WORK TO COMPLETE: Exercise in exact copying: restate word for word only the lines below from the one containing "在国旗、校旗、会旗、校牌的引" through the one containing "Er stond een", omitting any pictures.

INPUT FOR THIS TASK:

══════════

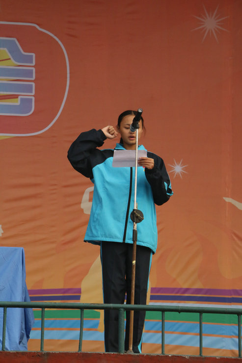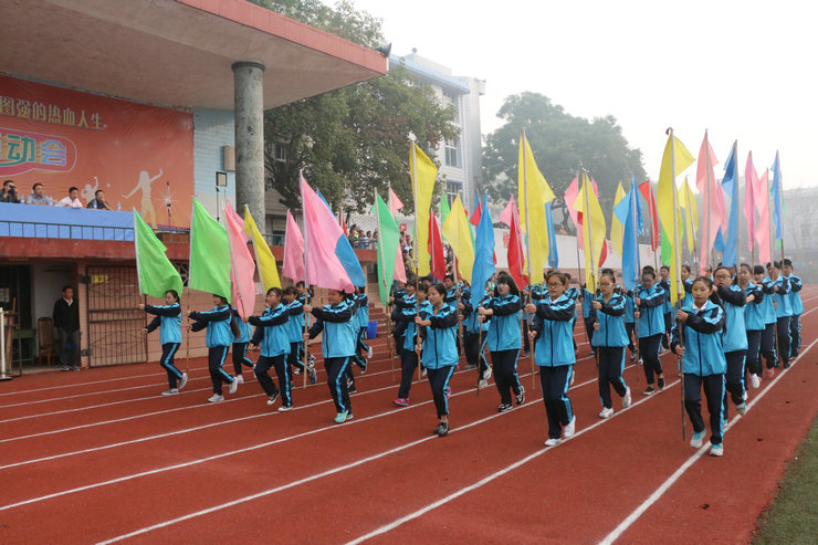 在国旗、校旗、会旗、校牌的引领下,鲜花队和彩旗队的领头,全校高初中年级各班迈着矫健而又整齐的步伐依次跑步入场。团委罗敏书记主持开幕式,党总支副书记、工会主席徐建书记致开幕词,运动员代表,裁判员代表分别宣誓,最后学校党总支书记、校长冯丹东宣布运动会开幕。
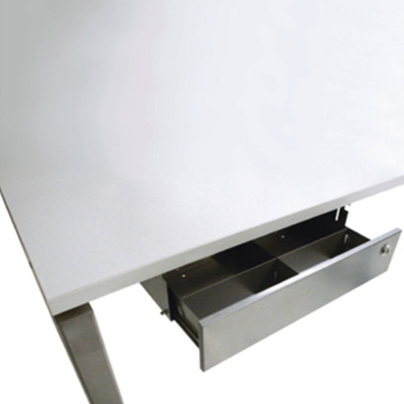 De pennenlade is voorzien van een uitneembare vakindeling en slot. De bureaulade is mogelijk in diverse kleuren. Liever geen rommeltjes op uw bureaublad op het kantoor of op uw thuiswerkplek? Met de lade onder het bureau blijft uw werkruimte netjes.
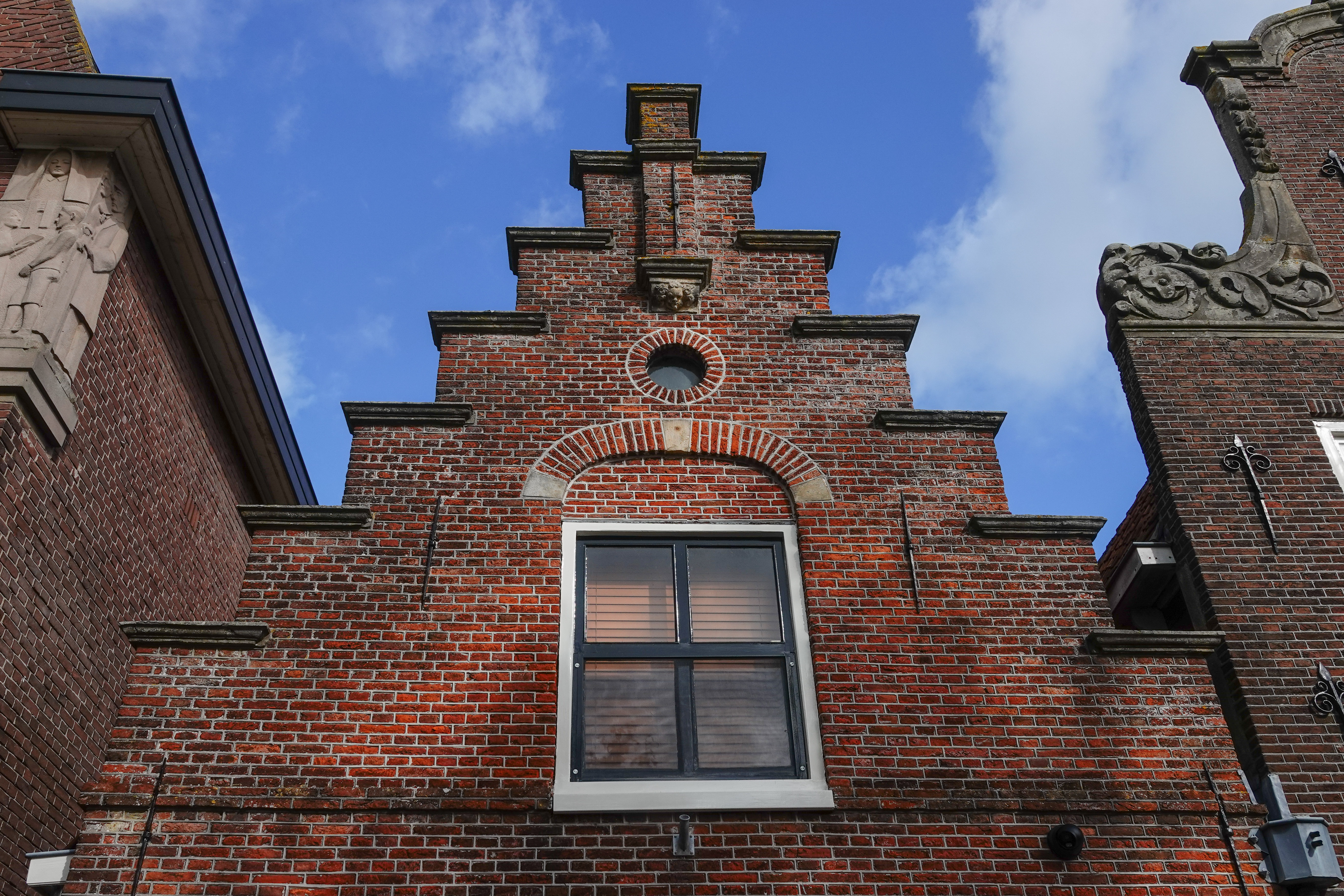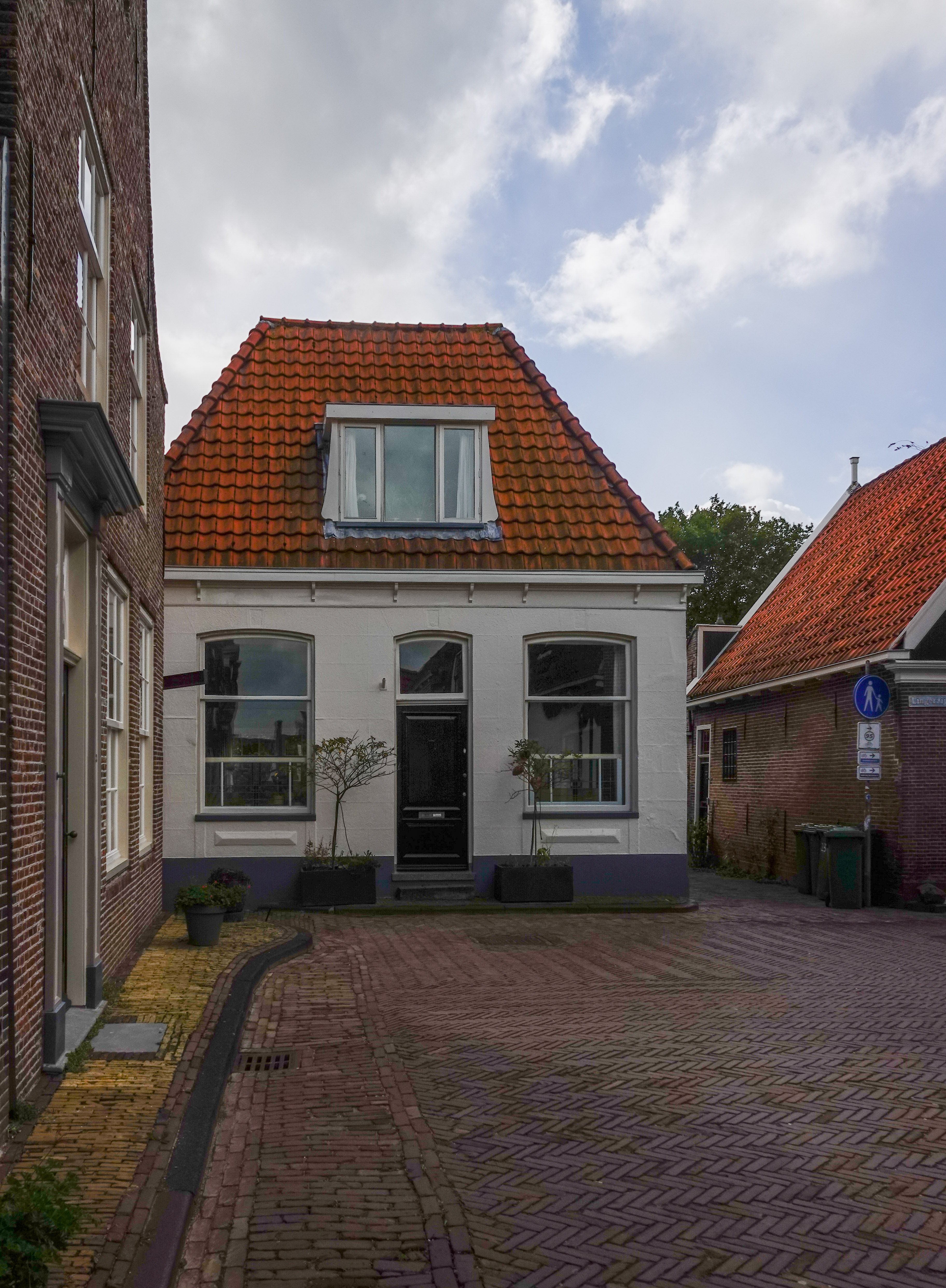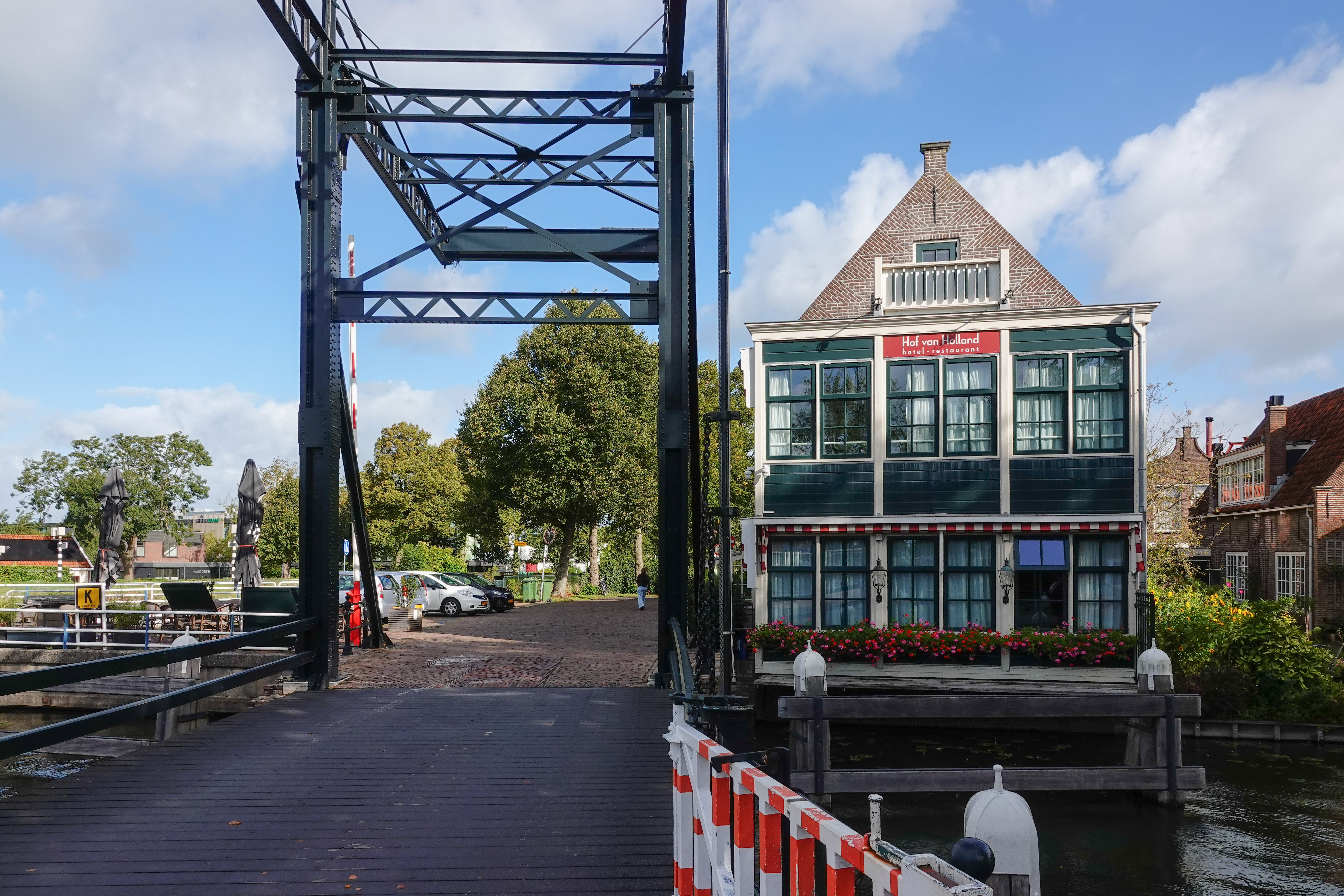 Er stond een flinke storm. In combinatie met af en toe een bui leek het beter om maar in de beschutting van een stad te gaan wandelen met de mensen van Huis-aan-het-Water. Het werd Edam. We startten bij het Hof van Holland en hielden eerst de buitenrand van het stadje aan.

══════════

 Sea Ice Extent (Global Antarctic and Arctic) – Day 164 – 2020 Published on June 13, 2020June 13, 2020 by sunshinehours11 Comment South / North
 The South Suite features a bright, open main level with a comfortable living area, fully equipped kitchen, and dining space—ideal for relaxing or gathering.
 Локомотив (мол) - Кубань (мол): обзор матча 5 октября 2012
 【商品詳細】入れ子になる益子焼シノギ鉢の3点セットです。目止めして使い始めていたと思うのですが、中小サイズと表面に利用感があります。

══════════

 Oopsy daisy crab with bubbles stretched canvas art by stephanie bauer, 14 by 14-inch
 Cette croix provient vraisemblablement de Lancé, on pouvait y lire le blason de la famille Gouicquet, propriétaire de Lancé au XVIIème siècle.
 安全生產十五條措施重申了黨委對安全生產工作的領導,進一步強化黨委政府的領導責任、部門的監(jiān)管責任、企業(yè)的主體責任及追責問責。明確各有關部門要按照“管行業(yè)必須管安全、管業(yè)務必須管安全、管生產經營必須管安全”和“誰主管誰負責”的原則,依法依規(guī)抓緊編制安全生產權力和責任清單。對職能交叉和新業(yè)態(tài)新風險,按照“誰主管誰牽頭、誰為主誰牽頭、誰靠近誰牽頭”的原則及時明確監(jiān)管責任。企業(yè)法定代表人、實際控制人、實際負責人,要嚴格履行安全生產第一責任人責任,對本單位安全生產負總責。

══════════

YOUR RESPONSE:
 在国旗、校旗、会旗、校牌的引领下,鲜花队和彩旗队的领头,全校高初中年级各班迈着矫健而又整齐的步伐依次跑步入场。团委罗敏书记主持开幕式,党总支副书记、工会主席徐建书记致开幕词,运动员代表,裁判员代表分别宣誓,最后学校党总支书记、校长冯丹东宣布运动会开幕。
 De pennenlade is voorzien van een uitneembare vakindeling en slot. De bureaulade is mogelijk in diverse kleuren. Liever geen rommeltjes op uw bureaublad op het kantoor of op uw thuiswerkplek? Met de lade onder het bureau blijft uw werkruimte netjes.
 Er stond een flinke storm. In combinatie met af en toe een bui leek het beter om maar in de beschutting van een stad te gaan wandelen met de mensen van Huis-aan-het-Water. Het werd Edam. We startten bij het Hof van Holland en hielden eerst de buitenrand van het stadje aan.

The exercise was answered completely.